If you asked a theoretical question of an expert in psychology when
behaviorism was dominant, you would likely get a very different answer
than if you asked the same question of a cognitive psychologist.  These
differences are not just a matter of opinion -- the two frameworks can
make contrary experimental predictions.  Behaviorism still exists and
has a sizable number of adherents; the reason why it has not died out
entirely is probably because the kinds of experiments which the two
schools of psychology engage in are disjoint.  Since the practitioners
of the theories rarely examine the same data (or read the same
journals!), the inconsistencies between the theories are rarely on
display.

Laymen can be careful about their reading and try to find out whether a
particular 'expert' believes in a discredited theory, but it really is
difficult to determine whether the currently dominating theory will
eventually be discredited.  I used psychology as an example rather than
physics because I think the current level of the paradigm of strategic
studies is on a par with psychology rather than a hard science,
although physics has certainly undergone many revolutions of its own.
Both psychology and strategic studies are immature fields and are prone
to rapid successions of paradigms.  The interpretation of experts in
the current paradigm requires some judgment on the part of the layman
even though the layman can't possibly appreciate all the data at the
hands of the experts.  The field just isn't well developed enough that
a layman can take the expert's word for granted.  (Milo's brain tumor
analogy is particularly ugly in my experience -- a friend of mine whose
mother had cancer suffered a great deal when the mother listened to an
'expert' and decided to undergo Laetrile 'therapy'.  Experts can be
dangerous.)

So who am I to believe?  Milo or 'frontal lobotomy' Sagan?  It's a
particularly difficult situation when Milo makes completely irrational
attacks on Sagan's purported irrationality.  I've met Teller, although
I've never met Sagan -- but it strikes me that neither would be proud
of a protege who rants on like Milo does in his article.  (I doubt
they would accept a paper with Milo's peculiar spelling, punctuation
and grammar, either; and I always used to think that I could tell a
crank from a scientist by their attention to details.)

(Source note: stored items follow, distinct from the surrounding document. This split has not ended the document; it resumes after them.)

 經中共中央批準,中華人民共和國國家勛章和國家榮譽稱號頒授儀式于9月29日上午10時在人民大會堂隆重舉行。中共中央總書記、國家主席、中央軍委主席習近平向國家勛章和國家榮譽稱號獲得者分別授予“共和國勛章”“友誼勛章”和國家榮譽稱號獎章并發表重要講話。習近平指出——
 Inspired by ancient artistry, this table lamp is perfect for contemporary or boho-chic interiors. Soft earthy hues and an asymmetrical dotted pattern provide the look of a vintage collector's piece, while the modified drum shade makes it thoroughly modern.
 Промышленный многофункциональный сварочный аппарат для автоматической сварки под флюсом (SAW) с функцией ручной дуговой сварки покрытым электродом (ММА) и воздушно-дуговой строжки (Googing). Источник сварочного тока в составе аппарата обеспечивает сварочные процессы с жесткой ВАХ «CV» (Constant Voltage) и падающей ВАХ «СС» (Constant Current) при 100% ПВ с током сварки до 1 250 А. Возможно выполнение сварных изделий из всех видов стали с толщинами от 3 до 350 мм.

I'm NOT proclaiming myself to be an expert in strategic studies, but I
have to admit that the only example of competing strategic thinking
which I have been exposed to personally didn't bode well for the
American school.  My father worked on a study of the land reform
project in South Vietnam in the middle 60's, and from discussions with
him and readings of his papers and supporting documentation, I have
come to the conclusion that the Viet Cong were decidedly superior to
the Americans in their planning and organization.  The VC had a
complete strategy for the infiltration, overthrow and control of native
organizations starting as low as the hamlet, and perhaps as low as the
individual family.  Although land reform came under the heading of
'psychological warfare' at Rand and SRI, I've seen no evidence to
suggest that our military strategic apparatus came even remotely close
to countering the VC; the VC undermined and destroyed the land reform
effort with appalling ease.  (I think that part of the problem was in
regarding the land reform program as mere 'psychological warfare' in
the first place...)  Our current experience in Central America does
not make me confident that we have learned any lessons from this.
It's true that our nuclear strategists are not in the same group as
our Vietnam military strategists, but if they are of the same caliber
('the best and the brightest', sigh) then we should all be nervous.

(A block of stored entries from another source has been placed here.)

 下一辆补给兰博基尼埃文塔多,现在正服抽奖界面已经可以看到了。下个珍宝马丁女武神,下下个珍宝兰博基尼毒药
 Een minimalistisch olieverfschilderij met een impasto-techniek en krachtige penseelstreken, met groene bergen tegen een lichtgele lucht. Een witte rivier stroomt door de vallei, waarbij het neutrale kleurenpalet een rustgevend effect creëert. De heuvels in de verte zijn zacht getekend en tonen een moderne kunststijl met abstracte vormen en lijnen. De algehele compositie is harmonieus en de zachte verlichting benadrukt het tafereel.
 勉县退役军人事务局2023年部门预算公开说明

Notice that I carefully haven't said anything concrete about nuclear
strategy yet, and I have done so specifically because I have been
trying to show that the ability to talk learnedly about throw weight or
the advantages of MARVs does not implicitly guarantee that the speaker
can be trusted to produce a successful nuclear strategy.  It IS useful
for laymen to discuss these issues.  It's perhaps ironic that experts
in international strategic studies don't seem to have a practical
strategy for handling domestic debate...  To rectify this it would be
interesting if the more informed readers (hello, Milo?) justified some
of their reactions to the speculation here, instead of simply
contradicting.  For example, why is it that MAD cannot be guaranteed if
the Soviets develop more land-based ICBMs without a similar increase on
our part?  Or, why is it more useful to spend money to keep parity in
nuclear forces than to keep parity in conventional forces?  Or, why do
we want to continue develop chemical and biological deterrents when we
have promised not to use them, when we could instead use the funds to
to improve our preparedness for their use by the bad guys?  All these
questions perhaps sound naive, but they need to be answered if the
public is to stay informed.  Every little bit helps...

Verbosely yours,

Donn Seeley    University of Utah CS Dept    donn@utah-cs.arpa
40 46' 6"N 111 50' 34"W    (801) 581-5668    decvax!utah-cs!donn

rdz@ccice5.UUCP (Robert D. Zarcone) (11/13/84)

Milo, are you sure you wanted this response to that posting?
I don't see how your most recent attack fits my original
question.  I wasn't questioning your argument.  I was only
trying to point out your habit of totally disreguarding the
arguments of those who disagree with you.  I guess I don't
have the knack for sarcassim anymore.  I'll be sure to use
the :-) symbol in the future.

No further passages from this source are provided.